Não raro os policiais militares e civis, no mister de seus ofícios, se colocam à serviço do senhor
Jesus; em dois tempos aparecem de forma célere, e o sacerdote/sacerdotisa, pego em flagrante delito
por estar “cometendo crime ambiental” vai parar na delegacia de polícia acusado/a de perturbação da
ordem e/ou crime contra o meio ambiente.

Se um Terreiro ousar fazer suas cerimonias com cantos acompanhados de tambores, e passar das 22
horas, e em muitos casos até em horários onde é permitido o som mais alto, imediatamente ele é
apedrejado, denunciado; surgem movimentos de protestos e indignação religiosa na frente do
Terreiro, a força policial como de praxe, é célere em aparecer aos berros mandando “parar tudo, em
nome da Lei, da família, da Pátria, de Deus, da moral e dos bons costumes, pois se está perturbando
o sossego público”.

Não raro, a poucos metros dessas casas de Axé interditadas pela polícia e órgãos ambientais,
templos, igrejas e células neopentecostais varam a noite com suas sessões de desencapetamento, com
direito ao uso de caixas de som potentes, no mais alto volume e usando instrumentos de percussão,
bem ao estilo saravá nossa Umbanda.

Tudo isso acontece debaixo do olhar “laico” do Estado.

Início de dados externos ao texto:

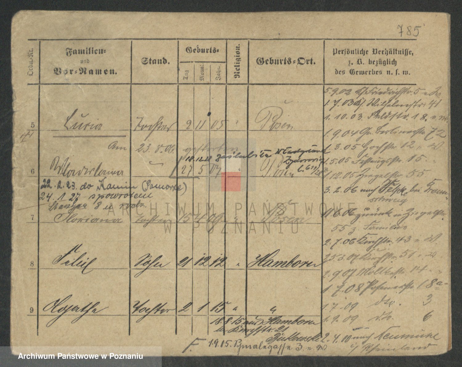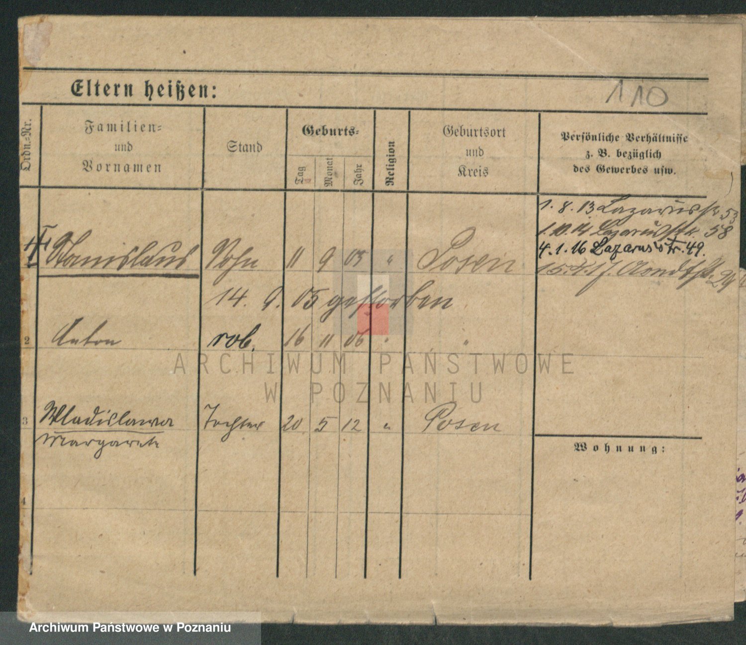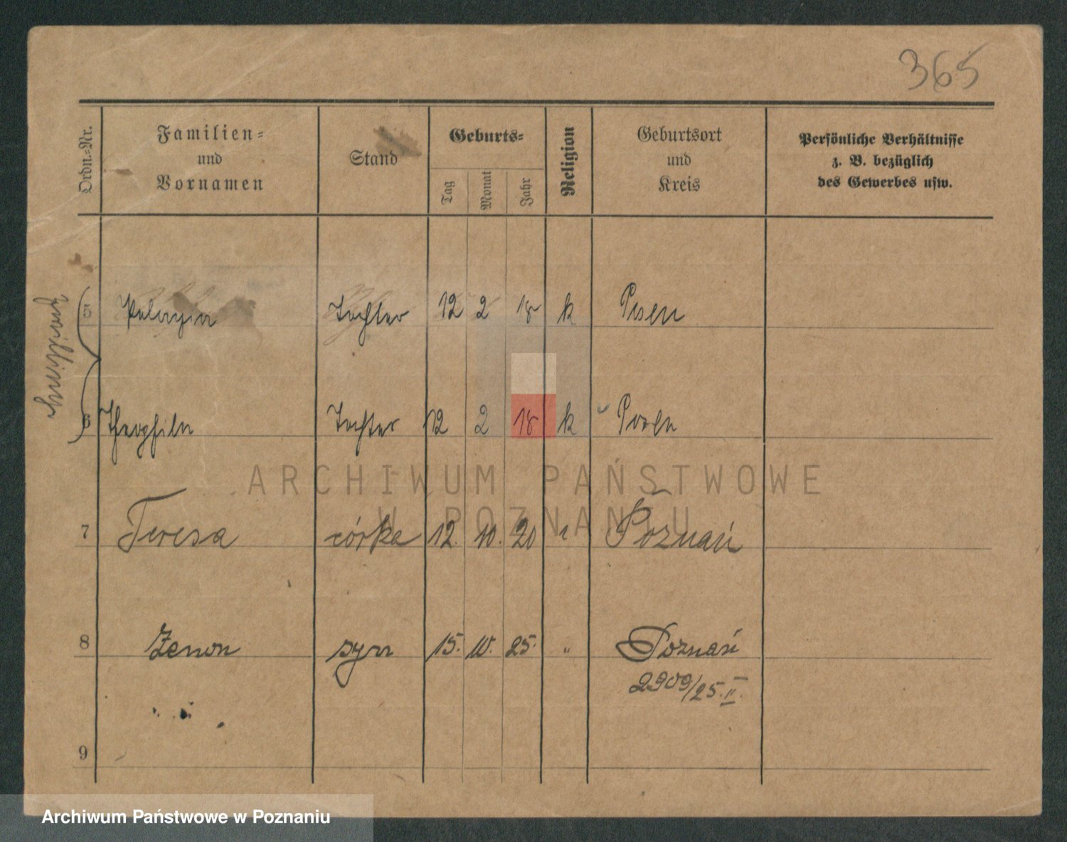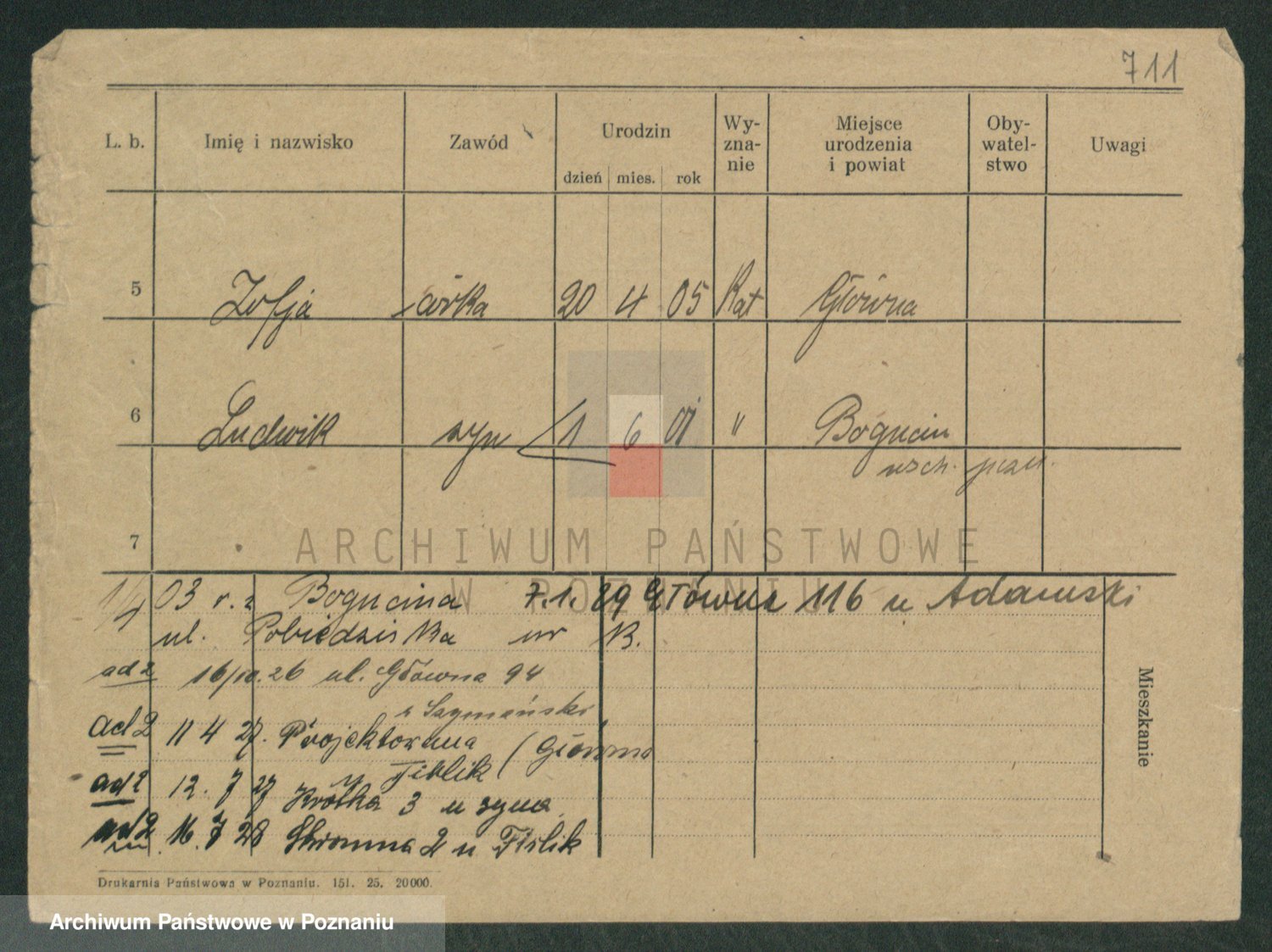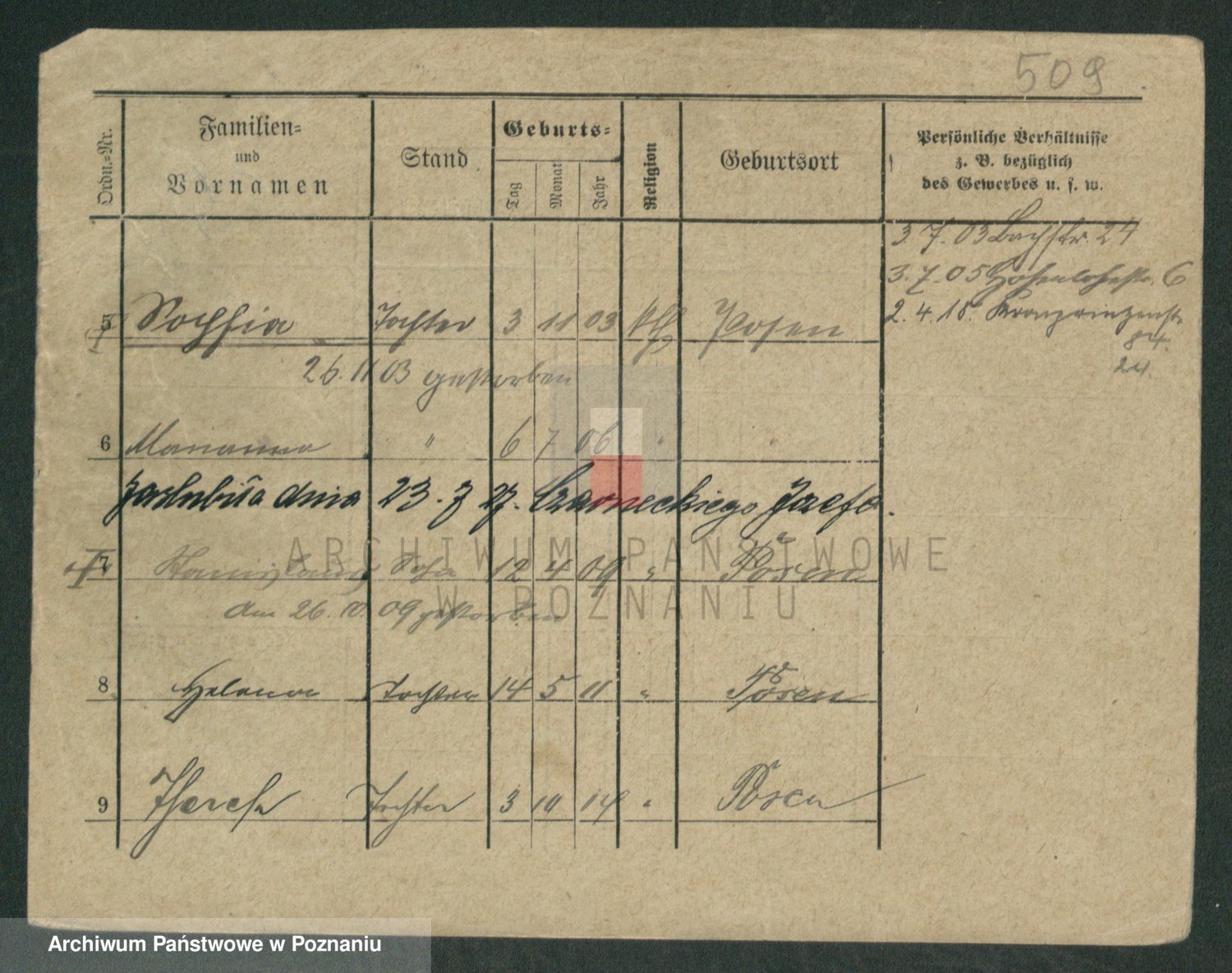 Podgląd karty osobowej dostępny jest po kliknięciu na nazwisko lub ikonkę karty. Można dokonywać powiększenia (ikony na górze) lub przechodzić między kolejnymi skanami (strzałki po bokach).

Boa parte dos dirigentes de Casas de Axé não mais registra boletins de ocorrência, por considerar
“total perda de tempo, pois as autoridades não fazem nada”.

“Polícia, para que? Não faz nada!”

Finda que nesse clima de descrédito e desesperança, não é raro haver manifestações patéticas do tipo:
“se a Justiça não chega até nós, é hora da gente se armar também” (SIC).

Na verdade, se nosso povo vier a se armar, e reagir de forma violenta as agressões sofridas, motivos
não faltam.
Em 2014 Pai Rafael de Oxossi foi assassinado, com uma facada no pescoço, por um jovem
evangélico neopentecostal, que invadiu o Terreiro onde a vítima se encontrava, localizado no Bairro
Cidade Nova em Manaus.

Antes de ser morto, por uma hora, Pai Rafael ligou oito vezes para o Disk 190 da Polícia Militar do
Amazonas, pedindo e implorando por socorro, a polícia só veio depois que ele foi assassinado e o
seu assassino já havia fugido.

O descaso da Polícia Civil do Amazonas para com o assassinato foi tamanho, que sequer a arma do
crime foi levada pela polícia de homicídios, o objeto usado para assassinar a vítima, só foi entregue
meses depois para o Secretário Estadual de Segurança Pública do Amazonas, em uma audiência
pública solicitada, insistentemente, pela Articulação Amazônica dos Povos e Comunidades
Tradicionais de Terreiro de Matriz Africana – ARATRAMA, que exigiu a aplicação da letra fria da
Lei.

Poucos dias depois, em Março de 2015, Pai Josiano de Oyá, foi esfaqueado por um outro jovem
evangélico neopentecostal, em uma rua próxima do Terreiro onde foi assassinado Pai Rafael.

Uma outra evidência do descaso do Estado, foi o de se contabilizar em um espaço de 10 anos, 15


assassinatos de pessoas de Terreiro de Manaus, fato que resultou na intervenção do 5º Ofício do
Ministério Público Federal no Amazonas – PRF AM.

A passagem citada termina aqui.